Delhi H.C : In course of assessment, Assessing Officer having accepted one time non-compete fee as capital receipt, could not initiate reassessment proceedings merely on basis of change of opinion that amount in question was taxable as business income

High Court Of Delhi

CIT vs. Atul Kumar Swami

Assessment Year : 1999-2000

Section : 28(va), 147

S. Ravindra Bhat And R.V. Easwar, JJ.

IT Appeal No. 112 Of 2014

March 18, 2014

JUDGMENT

S. Ravindra Bhat, J. – The Revenue is in appeal aggrieved by the order dated September 20, 2013, of the Income-tax Appellate Tribunal (ITAT) whereby the assessee’s appeal was allowed.

2. The assessee had in respect of the assessment year 1999-2000 in the note filed together with the accounts and the returns disclosed that he received a sum of Rs. 88 lakhs as one-time non-compete fee. He concededly paid advance tax of Rs. 27,60,600 on the same. He states that this was a one-time capital receipt ; the return was processed under section 143(1). The Revenue sought to reopen the assessment recording reasons for doing so as follows by its notice dated January 9, 2002 :

“The income-tax return for the assessment year 1999-2000 was filed on 29th July, 1999, claiming a refund of Rs. 26,74,420. The assessee was the promoter of Overseas Cargo Service P. Ltd. and had entered into as asset transfer agreement with M/s. Bax Global India Pvt. Ltd. for transfer of assets of OCS to BAX. As agreed under the ATA, the assessee had entered into a non-competition agreement with BAX. Under the terms of NCA, the assessee had undertaken not to engage directly or indirectly, either alone or in association with any person or persons in any activity, which will be in competition with the current business of BAX and for observing the restrictions specified in NCA, a consideration amounting to Rs. 88 lakhs was payable to the assessee by BAX.

The assessee had paid advance tax of Rs. 27,60,000 on the abovementioned amount of Rs. 88 lakhs and is now claiming refund of Rs. 30,74,254 on the contention that as it is capital receipt, it should not be chargeable to tax. However, the income of the assessee of Rs. 88 lakhs received by him should be chargeable to tax as it is not a capital receipt but is to be charged to income-tax under the head ‘Profits and gains of business or profession’. In terms of section 28 of the Income-tax Act, 1961, section 28 is reproduced hereunder to bring the assessee in net of this provision.

‘(ii) any compensation or other payment due to or received by’ ;

(a) any person by whatever name called managing the whole or substantially the whole of the affairs of an Indian company, at or in connection with the termination of his management or the modification of the terms and conditions relating thereto.’

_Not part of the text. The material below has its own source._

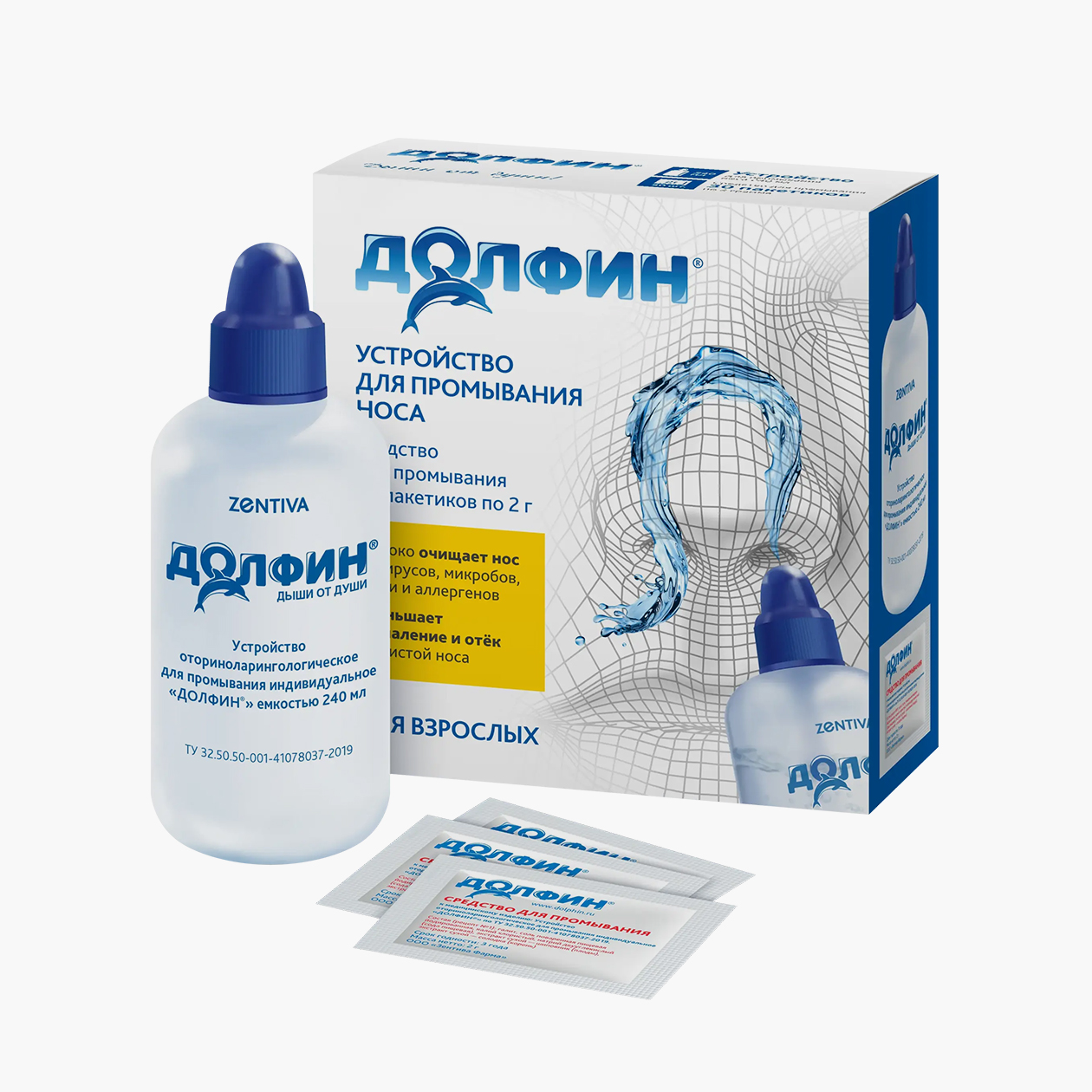 Устройство «Долфин». Им пользуется муж во время простуд. Цена — 627 ₽ за устройство и 30 пакетиков средства для промывания.

In the light of the above facts, income of Rs. 88 lakhs has escaped assessment and the very fact that the assessee has already paid advance tax and refund on it on after thought, substantiates the contention of the Revenue that the above mentioned amount is chargeable to income-tax. Hence, notice under section 148 issued.”

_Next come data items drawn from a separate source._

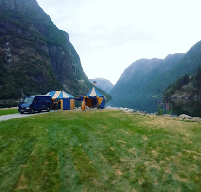 Time to go back to one of my favourite places in the world! Gudvangen, Norway! Every year in juli the Gudvangen viking market is held so me and some friend did the very long drive there pasing lakes, crossing mountains and driving though horrible long tunnels! A beutiful but hard road to drive but then you get to see the deep fjords. Such amaze!Now we will have this wiev for a week or so, not painful at all!Next morning I woke up in my van to this and started setting up the tent.Mountains on all sides and a glaciar river going through the village. Very cold.All set for the viking market! -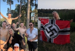 Na drugi fotografiji Mirzak pozira s skupino golih moških, od katerih ima eden tetovažo Volčjega angela, simbola, ki so ga sprejele številne nacistične nemške enote.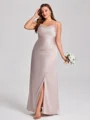 • Sheath Spaghetti Straps Pleated Floor-Length Silk Like Satin Plus Size Bridesmaid Dress

3. The assessee objected to the reopening of the assessment contending that there was no fresh or tangible material discerned by the Revenue for notice for reassessment. This objection was overruled and the Assessing Officer added back the said amount as business income observing that the nature of the consideration receipt having regard to the terms of the agreement was such that it was income and not capital receipt. The assessee preferred an appeal but without success to the Commissioner (Appeals). The Commissioner (Appeals) had, during the pendency of the appeal, called for remand report and after discussing its contents, rejected the appeal.

4. The Income-tax Appellate Tribunal after considering the decision of the Supreme Court in CIT v. Kelvinator of India Ltd. [2010] 320 ITR 561 as well as the later rulings of the Supreme Court and this court held that there was no tangible material and that the mere circumstance that advance tax to the tune of Rs. 27.6 lakhs was paid did not amount to admission by him. The learned counsel for the Revenue contends that having regard to Explanation 1 to section 147 read with section 143(1), the reopening of the assessment in this case was justified. She also argued that the agreement entered into by the assessee under which the amount was paid had not been filed during the assessment stage. This, according to the Revenue, justified the reassessment proceedings.

5. As to what constitutes valid “reasons to believe” is no longer a matter of debate. So long as the law declared in Kelvinator (supra) stands, a valid reopening of assessment has to be based only on tangible material to justify the conclusion that there is escapement of income. In the present case, the note forming part of the return clearly mentioned and described the nature of the receipt under a non-compete agreement. The reasons for the notice under section 147 nowhere mentioned that the Revenue came up with any other fresh material warranting reopening of assessment. In these circumstances, the court is of the opinion that mere conclusion of the proceesdings under section 143(1) ipso facto does not bring invocation of powers for reopening the assessment. We are satisfied that the Tribunal’s reasons are justified and do not call for any interference.

6. The appeal is accordingly without merit and is dismissed.